James Sun, the CEO, says the company is also preparing for another significant round of funding in the new year with to ramp up its service once more. Today’s $1.2 million takes the total invested by Rally into Pirq up to $3.2 million.

Pirq’s service, which offers discounts on food to users of its app, is different from deals from the likes of Groupon and Living Social, in that it uses an algorithm to measure when restaurants are less busy. This has the catchy name “SmartYieldTM Program.” In real-time, that service then combines that data with the location of app users to provide information on deals that they can come in and redeem near them (or whatever location they choose). The deals, meanwhile, get paid for at the point of sale, rather than in advance as you would do with Groupon.

The punch card getting added to the service today, Sun says, was borne out of conversations that Pirq has been having with its restaurant customers, who wanted to “monetize the frequency” of visits from some customers. That’s no surprise: loyalty services are a prime area in the retail sector and have been highly targeted by mobile app companies (companies like 5 Stars and Belly also chasing that business, and represent at least two of Pirq’s biggest competitive threats).

What’s notable here is that Pirq’s punchcard will actually work independent of the app. Restaurants will be able to link up with users and offer rewards for repeat visits; and it will also be able to track and analyse those visits by way of a user’s mobile phone number and a short messaging code. So if you have the app, the totals will tally there and you can rack up visits using a Microsoft Tag; but if you don’t have an iPhone or the app downloaded, you can still collect rewards via text messages to a short code.

After your visit, the retailer can also use the phone number to send you targeted offers to drive another visit.

Sun says Pirq is filing a patent for the punchcard part of the service, and he believes that the way it leverages a basic phone feature could be part of a bigger trend.

“I think the new trend in mobile will be about leveraging older features like SMS to enhance the app experience,” he says.

The rewards service and deals app are being rolled out now in anticipation of a wider national push for Pirq and an eventual move beyond food to other kinds of retail categories, capitalizing on the fact that all businesses reliant on footfall face ebbs and flows in traffic. “Starting next week our salesforce is contacting six different verticals,” Sun says.

What Pirq has yet to integrate into its deals and rewards service are payments. In one sense that is good: some don’t like to pay it forward in a Groupon-model. (That was one of the praises of Pirq the last time we wrote about it.) But on the other hand, it cuts out a potential revenue stream for Pirq in helping facilitate purchases.

“We’re still trying to figure out who will win the mobile payments space. It could be point-of-sale vendors, or Square, or Isis, or something else,” says Sun. “We’re still waiting on the winner before we try to say to the vendors: this is how our payment system will work.”

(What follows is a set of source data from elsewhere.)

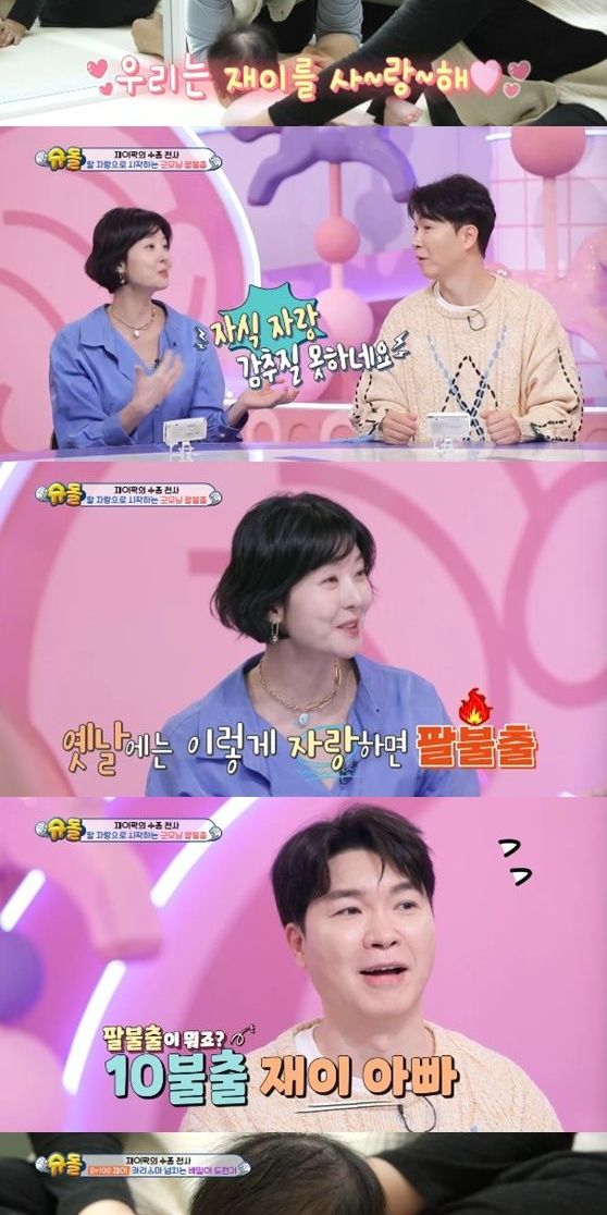 송선미는 "본인 아이가 좋아도 덜 드러내는데 감추지를 못 한다. 옛날에는 이렇게 하면 팔불출이라고 하지 않냐"라며 놀렸다. 최지우와 안영미도 "우리가 차마 팔불출이란 단어는 못 썼다", "십불출이다"라며 웃었다.
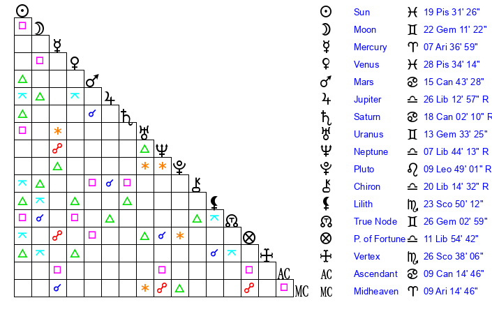 | Sun | 19 Pisces 32 | 20 Pisces 22 | 6 Gemini 45 |
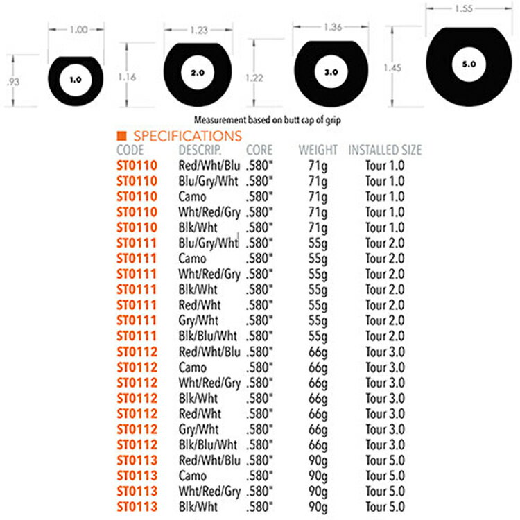 グリップ口径:0.580" 全長:約270mm 重量:約57±5g 形状:ノンテーパーパターグリップ 断面形状:半円柱 ※カウンターコアウエイト別売
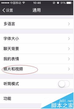 3、在通用功能中,我们可以看到“照片和视频”选项,我们点击进入;
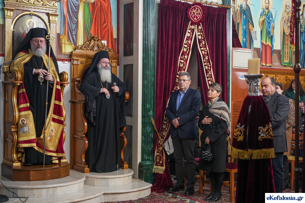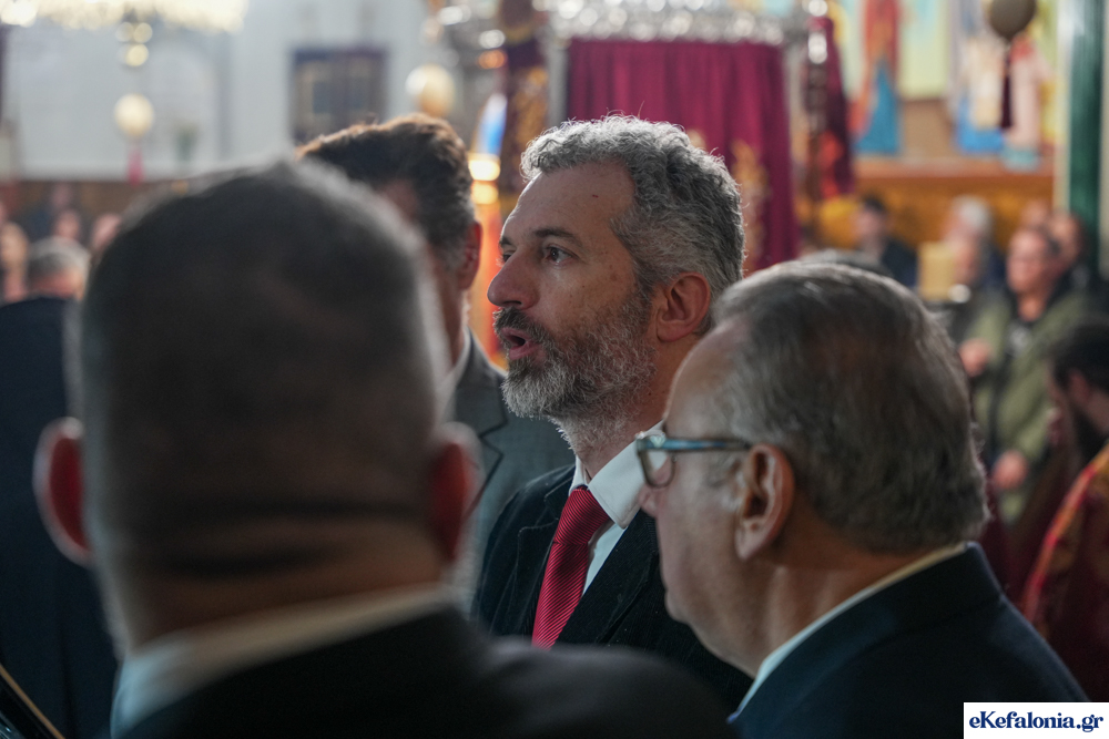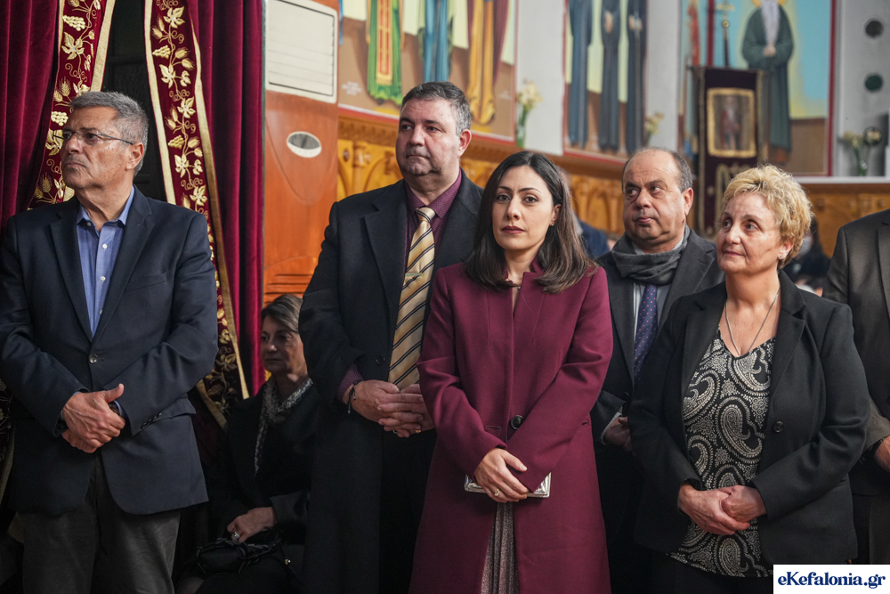 Την ιερά ακολουθία τίμησαν με την παρουσία τους εκπρόσωποι των πολιτικών και αυτοδιοικητικών αρχών του τόπου. Μεταξύ αυτών παρέστησαν ο Βουλευτής Κεφαλληνίας – Ιθάκης κ. Παναγής Καππάτος, ο Αντιπεριφερειάρχης Κεφαλληνίας – Ιθάκης κ. Σωτήριος Κουρής, ο Πρόεδρος της Αγροδιατροφικής Σύμπραξης Ιονίων Νήσων κ. Νεκτάριος Αραβαντινός-Σιμωνέτος, ο Δήμαρχος Ληξουρίου κ. Γεώργιος Κατσιβέλης, ο Αντιδήμαρχος κ. Δημήτριος Μαρκέτος, καθώς και η εντεταλμένη σύμβουλος κα Αδαμαντία Καμινάρη, μεταξύ άλλων.

With its Apple relationship still intact, Sun wouldn’t say even a small speculative word to me about whether Apple’s Passbook service — or any other initiative from the company — might be the “something else” that could end up being the killer mobile payment method.

As for pricing, the loyalty service, which will start to get rolled out commercially in October 2012 along with a new iPhone app, is being sold separately from Pirq’s deals service.

It will be $50 per month, per location for any size business. Sun says that each participating location will also have an Android tablet to display with details for how the loyalty scheme works. That will work for chains like Taco del Mar and Little Ceasars, but he says Pirq is still working out how to offer a similar experience for places where you don’t approach a counter to pay. “That’s a more complicated process,” he says.